How does one see the contents of an elasticsearch index? Is is permissible to have a haystack index that only includes search fields from models other than the model being returned?
from models.py
class Person(models.Model):
per_idn = models.IntegerField(primary_key=True)
sex_cod = models.ForeignKey(Sex, to_field='sex_cod_val_cod')
...
class Name(models.Model):
name_idn = models.IntegerField(primary_key=True)
per_idn = models.ForeignKey(Person, to_field='per_idn')
name_txt = models.CharField()
...
class Birthdate(models.Model):
bd_idn = models.IntegerField(primary_key=True)

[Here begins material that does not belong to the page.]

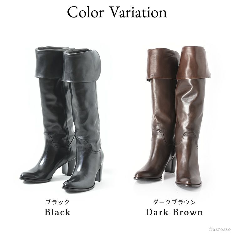 トップクラスのレザーを使ったイタリアのニーハイロングブーツ 22-24.5cmのみ|ヒール7cm 折り返して2way ロングブーツ&ニーハイブーツ イタリア製 ブランド コルソローマ9 CORSO ROMA 9 黒 ブラック ブラウン

per_idn = models.ForeignKey(Person, to_field='per_idn')
bd_txt = models.CharField()
...
from search_indexes.py
class PersonIndex(indexes.SearchIndex, indexes.Indexable):
text = indexes.CharField(document=True, use_template=True)
names = indexes.MultiValueField()
dobs = indexes.MultiValueField()
def prepare_names(self,obj):
return [Name.name_txt for Name in Name.objects.filter(per_idn=obj.per_idn)]
def prepare_dobs(self,obj):
return [Birthdate.bd_txt for Birthdate in Birthdate.objects.filter(per_idn=obj.per_idn)]
def get_model(self):
return Person
def index_queryset(self, using=None):
return self.get_model().objects.filter()
I previously created a NameIndex and it worked fine, but with over 14,000,000 names for 4.8 millions people, I need to be able to filter on the DOB as well. It would also make life easier to return a person object instead of a name object. I know it seems strange to have multiple names associated with a person, but this is a government database and people often have many aka's.
./manage.py rebuild_index executes fine. I did some debugging and printed the values of name and dob to the console as it was indexing and the correct values are being returned in the prepare functions. When I use the search.html template, I get 0 results, no matter the query.
from ./manage.py shell
>>> from haystack.query import SearchQuerySet
>>> sqs = SearchQuerySet().all()
>>> len(sqs)
4799561
>>> sqs = SearchQuerySet().auto_query('jones')
>>> len(sqs)
0
>>>
from curl -XGET 'http://127.0.0.1:9200/my_index_name/_mapping?pretty=1'
{
"my_index_name" : {
"mappings" : {
"modelresult" : {
"properties" : {
"django_ct" : {
"type" : "string",
"index" : "not_analyzed",
"include_in_all" : false
},
"django_id" : {
"type" : "string",
"index" : "not_analyzed",
"include_in_all" : false
},
"dobs" : {
"type" : "string",
"analyzer" : "snowball"
},
"id" : {
"type" : "string"
},
"names" : {
"type" : "string",
"analyzer" : "snowball"
},
"text" : {
"type" : "string",
"analyzer" : "snowball"
}
}
}
}
How does one see the contents of an elasticsearch index? Is is permissible to have a haystack index that only includes search fields from models other than the model being returned?